Detailed phenotyping of the cancer cells identified several clusters to which we could assign predominant functional phenotypes that differ in their EMT state, immunomodulatory capacity, as well as their response to hypoxia, stress, and metabolic constraints (Fig. 1B-D). However, the predominance of a functional phenotype does not exclude additional traits. Specifically, 515 cells exhibited a pEMT phenotype characterized by expression of a mixture of epithelial and mesenchymal genes such as matrix metallopeptidases (MMPs), caveolin-1 (CAV1) and C–X–C motif chemokine ligand 14 (CXCL14). Those genes were previously described in pEMT signatures and are enriched in the EMT hallmark gene set from the molecular signatures database (MSigDB) (Additional file 3: Fig. S3A) [10, 27]. In contrast, 385 cells showed higher expression of genes associated with epithelial differentiation such as S100A7/A8/A9, the keratinocyte envelope protein cornifin-B (SPRR1B), and specific cytokeratins (e.g., KRT6B and KRT16). The EMP-related gene expression patterns correlate with established signatures from the EMTome database (Additional file 3: Fig.
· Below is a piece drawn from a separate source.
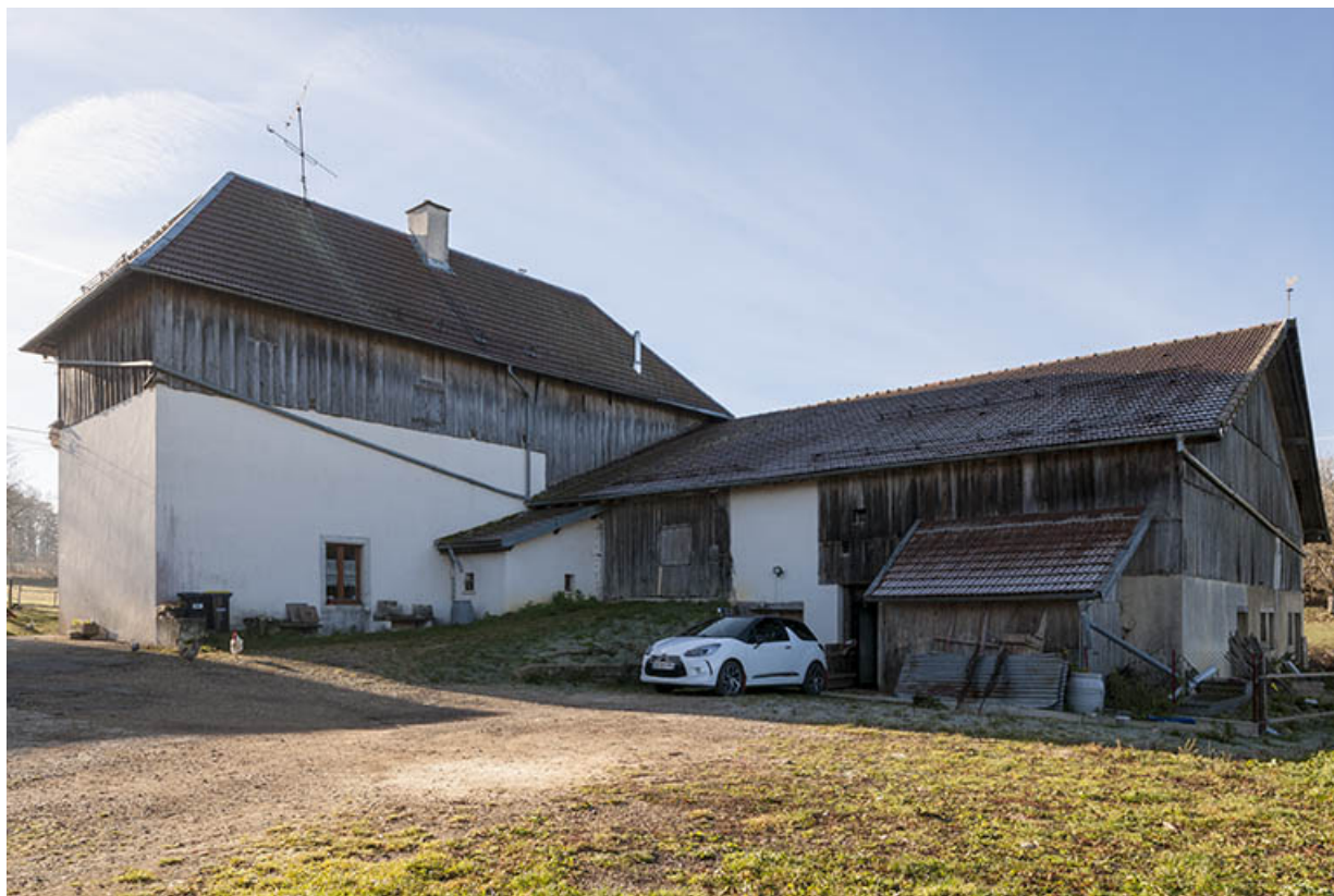
Ferme : façades nord et est. 25, Maîche, lieudit : Grand Vau

S3B–E) [9]. Interestingly, 184 cells from both EMP-phenotypes were present in a mixed cluster characterized by the high expression of cell-cycle related genes (despite the fact that we applied cell cycle regression).

With respect to cell clusters whose gene expression was not predominately associated with EMP, 268 cells exhibited an immune-regulatory phenotype enriched for genes associated with cytokine-mediated responses and higher expression of the chemokines CXCL1/2/3/8 and CCL20. For 554 cells, the gene expression pattern suggests adaptation to environmental factors. Specifically, 51 cells had higher expression of transcription factors FOS and JUN, suggesting a stress response, and 310 cells can be assumed to respond to hypoxic conditions in the tumor based on the higher expression of NDRG1 and EGLN3, which are both regulated by oxygen levels [37, 38]: NDRG1 regulates stress response and p53-mediated caspase activation [37] and EGLN3 has an important role in regulation of hypoxia-inducible factor 1 alpha (HIF1α) through prolyl hydroxylation [38]. 193 cells expressed genes associated with amino acid metabolism, starvation response and mTORC1 signaling, i.e., a regulator of mitochondrial metabolism [39]. The upregulated genes ASNS, PSAT1 and PHGDH integrate the metabolites of serine and glycine metabolism into glycolysis and therefore fuel glycolysis with amino acids [40]; hence, these cells appear to be adapted to low-glucose conditions.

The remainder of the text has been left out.